General information
- Location: Sandy, Central Bedfordshire England
- Grid reference: TL164503
- Platforms: 1

Other information
- Status: Disused

History
- Original company: London, Midland and Scottish Railway

Key dates
- 1 January 1938: Opened as Girtford
- July 1938: Renamed Girtford Halt
- 17 November 1940: Closed to passengers
- 1 November 1951: Closed to goods

Location

= Girtford Halt railway station =

Former railway station in Bedfordshire, England

Girtford Halt was a short-lived railway halt on the Varsity Line which served the Girtford area of Sandy in Bedfordshire, England.
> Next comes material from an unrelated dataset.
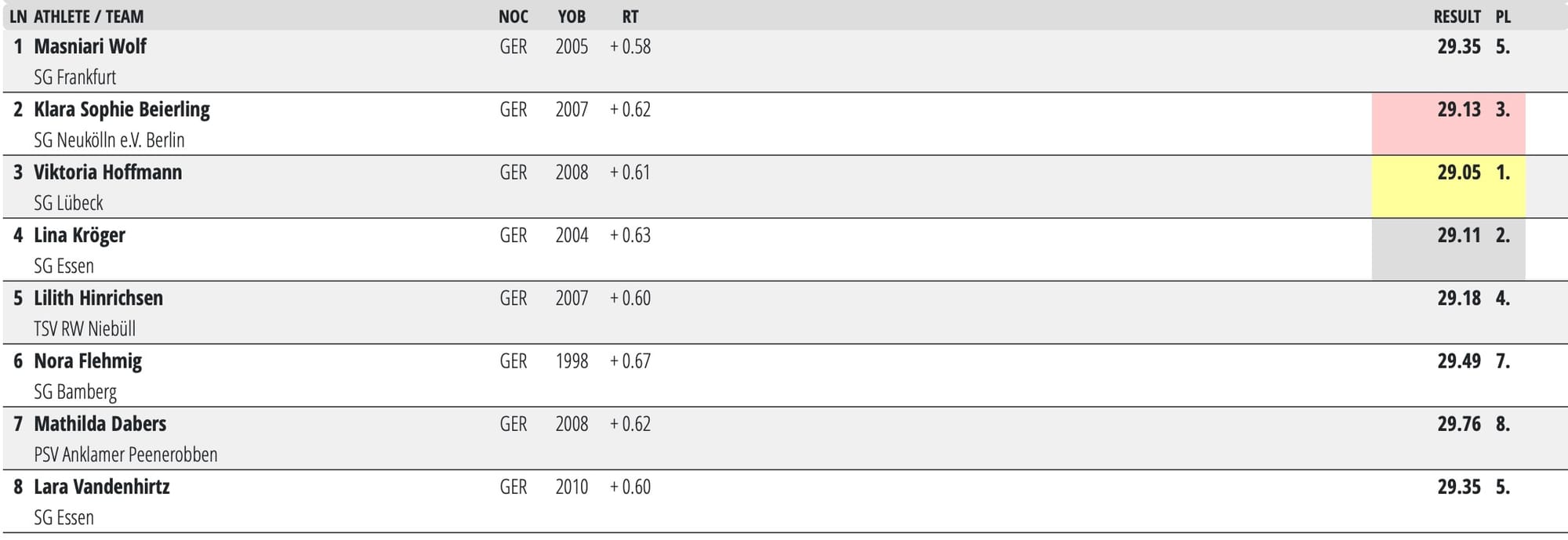 Viktoria Hoffmann, from Lübeck, grabbed gold in 29.05 seconds, just 0.06 ahead of Lina Kröger, with Klara Sophie Beierling just 0.02sec further adrift for bronze.
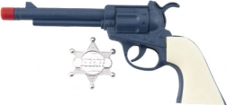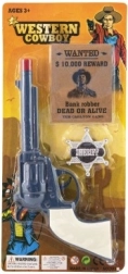 Diventa un piccolo cowboy! Questa rivoltella in plastica con distintivo da sceriffo farà felici tutti i piccoli pistoleri. L’arma emette un suono a scatto; sono inclusi anche il distintivo da sceriffo e il poster “Ricercato” per un divertimento ancora maggiore. Giocattolo ideale per bambini dai 3 anni.

It was opened by the London, Midland and Scottish Railway in 1938, but closed to passenger traffic two years later in 1940. The line itself closed in 1968, and the site of the railway station has been obliterated by a roundabout.

== History ==
In January 1938, the LMSR opened Girtford Halt at the point where the A1 crossed the Varsity Line, a little to the north of the hamlet from which it took its name. A siding for vegetable traffic had existed on the station site since 1863 and this remained open. Passenger facilities consisted of little more than a raised concrete platform; access was via a field to the rear of the station; tickets had to be purchased from a nearby garage. The station was, however, little used and passenger services were withdrawn in November 1940, the station remaining open for freight until 1951.

| Preceding station | Disused railways |  |  | Following station |
|---|---|---|---|---|
| Blunham |  | British Railways Varsity Line |  | Sandy |

== Present day ==
No trace of the station remains and its site has been taken over by a roundabout on Georgetown Road, a new road skirting the London Road Industrial Estate.